Task goal :: Every line in the data below from the one containing "Table ronde plateau" down to the one containing "The Polizei grip", both included, must be retyped exactly; no other line is to appear.

Records from a collection ::

- Opening Delimiter -

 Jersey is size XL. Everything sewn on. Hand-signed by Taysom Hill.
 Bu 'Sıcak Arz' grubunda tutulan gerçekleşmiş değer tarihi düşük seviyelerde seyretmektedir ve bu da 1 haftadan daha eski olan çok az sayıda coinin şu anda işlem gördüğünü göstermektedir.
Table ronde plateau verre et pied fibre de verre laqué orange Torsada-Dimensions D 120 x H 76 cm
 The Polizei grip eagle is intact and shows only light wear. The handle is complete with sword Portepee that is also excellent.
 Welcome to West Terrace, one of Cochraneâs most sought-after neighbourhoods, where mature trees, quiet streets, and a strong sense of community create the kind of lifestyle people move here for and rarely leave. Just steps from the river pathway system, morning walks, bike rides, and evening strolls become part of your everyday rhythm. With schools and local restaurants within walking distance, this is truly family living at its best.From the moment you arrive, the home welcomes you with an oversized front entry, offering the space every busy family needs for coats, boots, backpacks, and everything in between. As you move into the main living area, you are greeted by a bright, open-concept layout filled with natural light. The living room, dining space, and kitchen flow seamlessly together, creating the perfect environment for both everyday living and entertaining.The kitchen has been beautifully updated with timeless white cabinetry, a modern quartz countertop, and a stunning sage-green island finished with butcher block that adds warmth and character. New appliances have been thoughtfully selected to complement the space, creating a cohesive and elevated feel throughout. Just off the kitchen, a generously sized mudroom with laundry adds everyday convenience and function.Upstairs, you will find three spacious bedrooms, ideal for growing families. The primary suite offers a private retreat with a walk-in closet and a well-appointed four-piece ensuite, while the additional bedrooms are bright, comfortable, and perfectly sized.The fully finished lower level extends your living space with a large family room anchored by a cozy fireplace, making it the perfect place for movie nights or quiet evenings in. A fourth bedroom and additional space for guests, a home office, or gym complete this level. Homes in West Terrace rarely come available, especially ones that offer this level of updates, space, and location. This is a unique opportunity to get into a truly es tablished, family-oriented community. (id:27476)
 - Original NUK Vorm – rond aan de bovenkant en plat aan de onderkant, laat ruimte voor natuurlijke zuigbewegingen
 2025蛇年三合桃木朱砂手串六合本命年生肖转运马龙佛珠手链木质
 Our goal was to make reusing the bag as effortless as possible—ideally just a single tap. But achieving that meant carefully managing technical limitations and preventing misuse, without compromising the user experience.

- Closing Delimiter -

Answer to the exercise ::
Table ronde plateau verre et pied fibre de verre laqué orange Torsada-Dimensions D 120 x H 76 cm
 The Polizei grip eagle is intact and shows only light wear. The handle is complete with sword Portepee that is also excellent.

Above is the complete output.